Palavras-chave: Cultura; Alunos; Ensino médio; Escola

ABSTRACT

This paper undertakes a rereading of publications considered relevant in the debate on the relationship between youth cultures and school cultures, in order to theorize about the forms assumed by the culture of the pupils within this relationship in secondary education. Pupils’ culture is an important guideline for us to understand the school in the life of youngsters in a society where education is central in the process of inequality of access to physical and symbolic goods. Thus, the questions that this study sought to answer are the following: What is the culture of pupils? How it manifests in high school in different social contexts?

Keywords: Culture; Pupils; High education; School

RESUMEN

En este trabajo se lleva a cabo una relectura de las publicaciones que se consideren relevantes en el debate sobre la relación entre las culturas juveniles y las culturas escolares, con el fin de teorizar acerca de las formas asumidas por la cultura de los alumnos dentro de esta relación en la Escuela Media. La cultura de los alumnos es una pauta importante para la comprensión de la escuela en la vida de los jóvenes en una sociedad donde la educación está en el centro de la desigualdad en el acceso al proceso de bienes físicos y simbólicos. Así que las preguntas que este estudio trata de responder son las siguientes: ¿O que es la cultura de los alumnos? ¿Cómo se manifiesta en la escuela media en distintos contextos sociales?

Palabras clave: Cultura; Alumnos; Escuela media; Escuela

Introdução

O que é cultura dos alunos? Como ela se manifesta na escola de Ensino Médio em diferentes contextos sociais? O objetivo deste artigo consiste em empreender um estudo acerca da cultura dos alunos em diferentes contextos escolares, com ênfase no Ensino Médio, visto que a discussão sobre esse assunto mostra-se pouco desenvolvida na atualidade. Para tal, o texto recorre, como suporte teórico, a publicações desenvolvidas em diferentes contextos, a saber: a) a pesquisa de François Dubet (1991) sobre quatro tipos de escolas de Ensino Médio francesas; b) o trabalho de Piotr Mikiewicz (2008) acerca de três escolas da Polônia; c) as investigações de Gelson AntônioLeite (2011) e Daniele de Souza Barbosa (2007) sobre duas escolas brasileiras, respectivamente uma privada e uma pública. Com base nesses e outros estudos, será possível comparar instituições de ensino que atendem a jovens provenientes dos setores populares e das classes médias, com enfoque nas formas de cultura juvenil constituídas cotidianamente nesses estabelecimentos.
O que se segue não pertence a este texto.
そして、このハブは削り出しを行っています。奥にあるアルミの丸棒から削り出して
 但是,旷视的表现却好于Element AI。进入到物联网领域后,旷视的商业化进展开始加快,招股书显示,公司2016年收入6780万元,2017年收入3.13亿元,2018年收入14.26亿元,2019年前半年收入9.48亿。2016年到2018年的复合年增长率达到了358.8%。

Culturas juvenis e cultura dos alunos nas dinâmicas de adesão e de resistência discente à escola

A noção de cultura dos alunos remete às maneiras como as novas gerações lidam com o poder docente no interior da escola. Mais comumente, essa noção é associada ao conjunto de saberes e comportamentos de afirmação geracionais produzidos por crianças e adolescentes e distintos daqueles próprios aos adultos, no contexto escolar, principalmente na sala de aula. Essa cultura se tece na rede de interação social “puxada” pelos alunos, que ocorre paralelamente ou nos interstícios da rede de interação social “puxada” pelo professor, a partir de um repertório acumulado de práticas disponibilizado de geração a geração a partir, sobretudo, da transmissão oral. Todavia, essa cultura pode se aproximar bastante da cultura escolar quando o professor controla totalmente a rede de interação social dos adolescentes entre si, de maneira que eles só se expressam no interior da rede de interação principal, orquestrada pelo professor, ou quando, mesmo conhecendo os padrões de interação social correntes dessa cultura intrageracional, o aluno não faz uso dela como um mecanismo de confrontação à ordem escolar, em favor da sua integração à escola. Neste caso, fala-se de uma cultura de alunos de conformidade com as exigências escolares, identificada na imagem do “bom aluno”.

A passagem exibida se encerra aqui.